We then go to a board room where a bunch of suits sit around while their sinister looking logo plays on TV’s in the background. Anyone else notice how most boardrooms DON’T have the company logo anywhere, but in the movies it’s always on some high-tech screen in about 10 places?
That’s ok though because James Franco is here, and he’s got a drug that apparently will fix Alzheimers! YAY FOR US!! Wait a minute…didn’t someone else think of a cure for this before and something awful happened?
Franco is starting to look concerned (which is always bad news for humanity) as he learns that Caesar is getting pretty damn smart. It’s ok though, I’m sure if he just relays his concerns about Caesar’s treatment to his bosses they’ll respond in a thoughtful way that doesn’t start a series of events that lead to the downfall of humanity…
…especially when it’s followed by this evil looking mother fucker locking the super-intelligent Caesar away with some of his mistreated pals. The only thing worse is if he lectured Franco on the chimps not being “humans.”

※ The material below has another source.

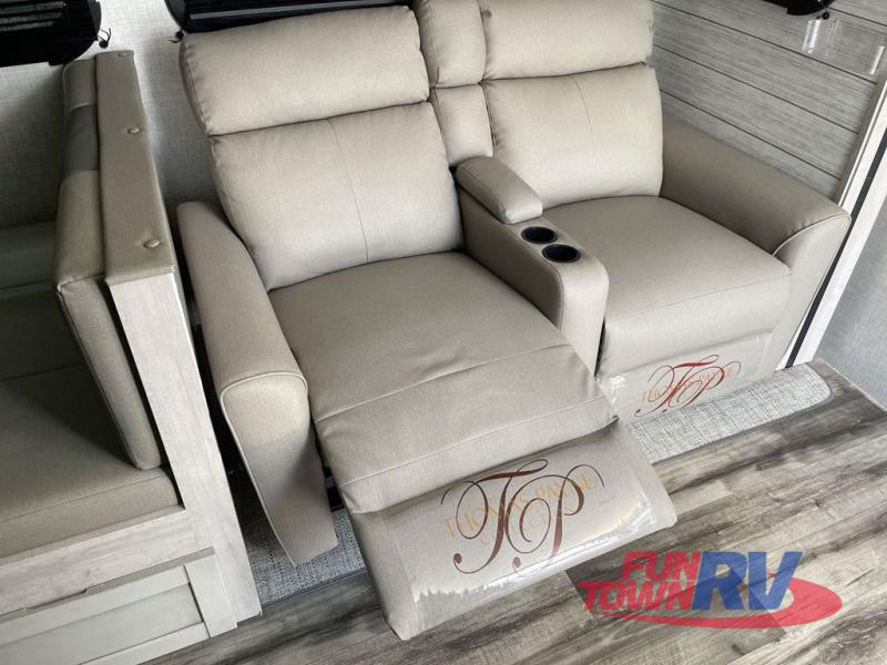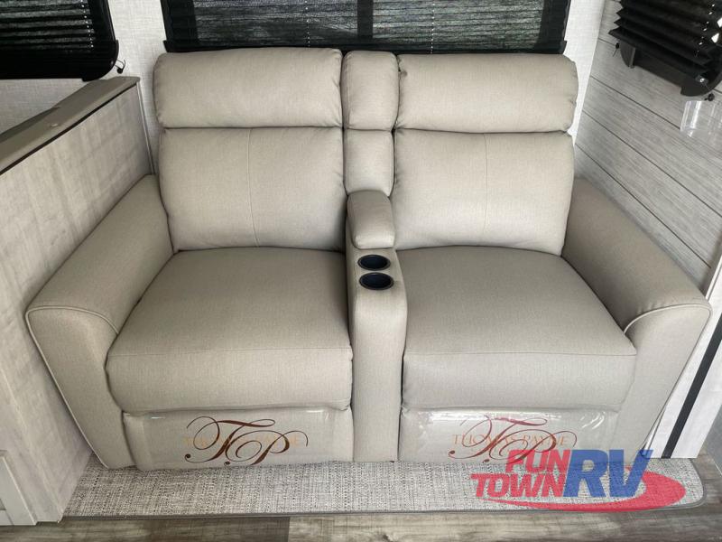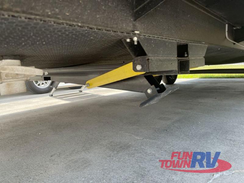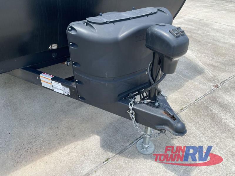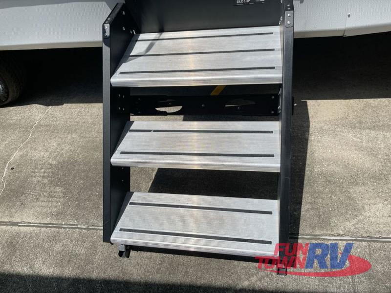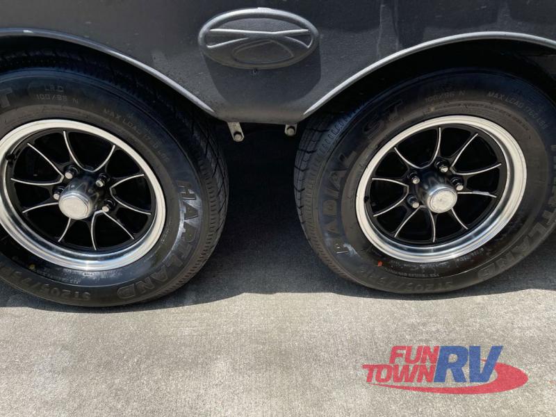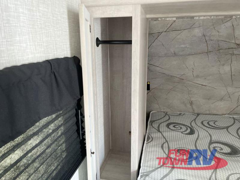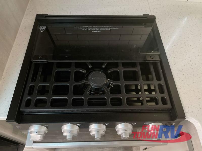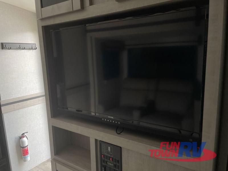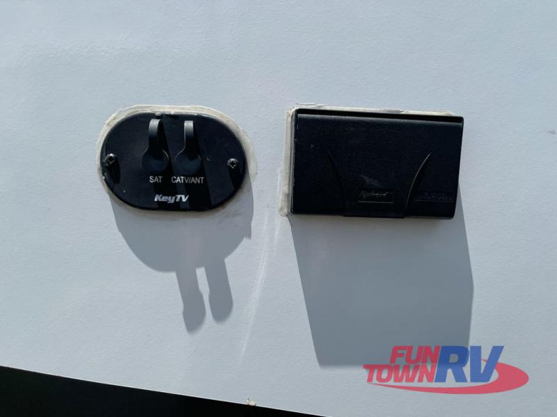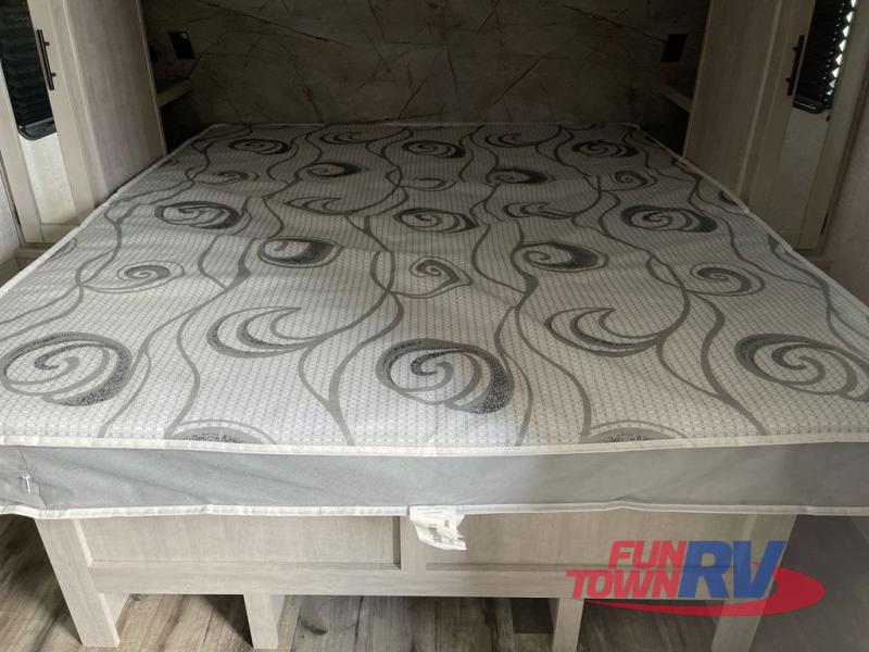You will love the added interior space you have in this travel trailer thanks to the large slide out in the main living area. Here, you'll enjoy playing cards at the XL booth dinette and relaxing on the tri-fold sofa. Make home-cooked meals on the glass top range or use the exterior camp kitchen. There is even an exterior refrigerator for cold drinks, and the power awning will shade you from the hot summer sun. This model features a full rear bath for added privacy, and the shower skylight will allow natural light in. The front private bedroom includes a king bed, dual wardrobes, plus a shoe storage and pet station for your convenience!

Really, really fucked. Nothing like an ominous look from a super-intelligent and quite angry chimp to make you feel like he’s going to somehow overthrow humanity. Homer Simpson warned us about shifty eyed animals. WHY DIDN’T WE LISTEN?!?!?!
Oh boy, he’s built tools and is breaking out of prison. Just like Sean Connery in “The Rock!” Just a few seconds ago he was a sweet little baby chimp and now he’s breaking out of his cage hell bent on revolution. They grow up so fast! Luckily he’s the only super-intelligent monkey so I’m pretty sure his revolution will be short lived.
….and that’s that. Now we’re going to have to contend with an army of super monkeys, though we could just make friends with them and apologize for being dicks. Probably a better idea than saying we should kill them right?